10 outubro 2006

Man Booker Prize 2006

The Indian-born novelist Kiran Desai triumphed tonight, winning the £50,000 Man Booker prize with her second novel, The Inheritance of Loss, a story rich with sadness about globalisation and with joy at the small surviving intimacies of Indian village life.

She beat the bookies, who put her fifth out of six in the award shortlist, rating her as a 5/1 outsider against odds of 6-4 on Sarah Waters' The Night Watch, the favourite.

And at her first attempt Desai, 37, not only became the youngest woman to win but achieved a victory which repeatedly eluded her mother. The esteemed Indian novelist Anita Desai - to whom The Inheritance of Loss is dedicated - has been shortlisted for the prize three times.

This year's head judge, Hermione Lee, left no doubt that it was "the strength of the book's humanity" which gave it the edge after a long and passionate debate among the panel. "It is a magnificent novel of humane breadth and wisdom, comic tenderness and powerful political acuteness, " Professor Lee said. "Her mother will be proud of her".

John Sutherland, chairman of last year's Man Booker judges and author of How to Read a Novel, said: "Desai's novel registers the multicultural reverberations of the new millennium, with the sensitive instrumentality of fiction, as Jhabvala and Rushdie did in previous eras.

"The setting moves between the Himalayas and the skyscrapers of New York - and it wins Britain's premier fiction prize. It is a globalised novel for a globalised world."

Rodney Troubridge, buyer for the bookshop chain Waterstone's, said, "This continues the fine tradition of Booker winners set in India, such as Heat and Dust, Staying On, The God of Small Things, and Midnight's Children.

"This wonderful novel will be snapped up by our customers - it's a great winner." Announcing the longlist of 19 books on August 14, Prof Lee said: "It's a list in which famous established novelists rub shoulders with little-known newcomers."

On September 14, when the shortlist of six titles was unveiled, it became evident that Prof Lee and her fellow judges had done something rare in the 38-year annals of the Booker: they had dumped the famous established writers and mainly picked the little-known newcomers.

Hisham Matar (with his first novel), Desai and MJ Hyland (also with a second novel) sprang from almost nowhere to be contenders for the world's foremost literary award. Also on the shortlist was Kate Grenville for The Secret River and Edward St Aubyn for Mother's Milk.
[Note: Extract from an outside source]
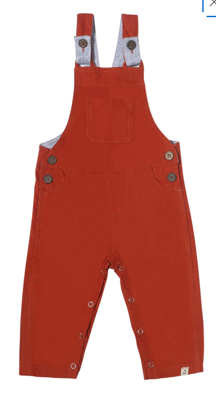 your favorite overall in the perfect rust orange that will look adorable at any pumpkin patch! buttons at the top for easy wear plus snaps between the legs for easy changing!

Out went Peter Carey, a double Booker laureate, his chance of a third title for Theft: A Love Story capsized. Discarded, too, was the bookshops' and bookmakers' favourite David Mitchell, with his fourth novel Black Swan Green. Mitchell has been expected to win a Booker or Whitbread prize since his quirkily dazzling second novel Number9dream was shortlisted for the Booker in 2002.

But the current book prize and publishing markets increasingly treat novelists as promotable contenders with their first and second books, mature talents by their third, and possibly old hat, no longer fashionable or burnt out, with their fourth and subsequent titles. After winning this year's Orange prize for her third novel, On Beauty, Zadie Smith, built up for six years as an ultra-celebrity, said at the age of 31 she felt she had no inspiration left for a next book.

Among other well-thought of and, in some cases, strongly tipped novelists who fell in this authorial night of the long knives were the veterans Nadine Gordimer with her story Get a Life and Howard Jacobson with Kalooki Nights; James Lasdun with Seven Lies; Jon McGregor - in previous years considered a brilliant newcomer - with So Many Ways to Begin; Claire Messud with The Emperor's Children; Andrew O'Hagan with Be Near Me; and Barry Unsworth, once a joint winner of the award, with The Ruby in her Navel.

After the initial surprise, few of those who have read all the titles disagree that the newcomers Matar, Desai and Hyland were well-merited choices. The question left by the contest is whether new talent is in danger of being overmarketed and overexposed too soon.

Aside from Prof Lee, Goldsmiths' professor of English literature and Fellow of New College, Oxford, the judging panel was Simon Armitage, poet and novelist; Candia McWilliam, novelist and former winner of the Guardian fiction prize; the critic Anthony Quinn; and the actor Fiona Shaw.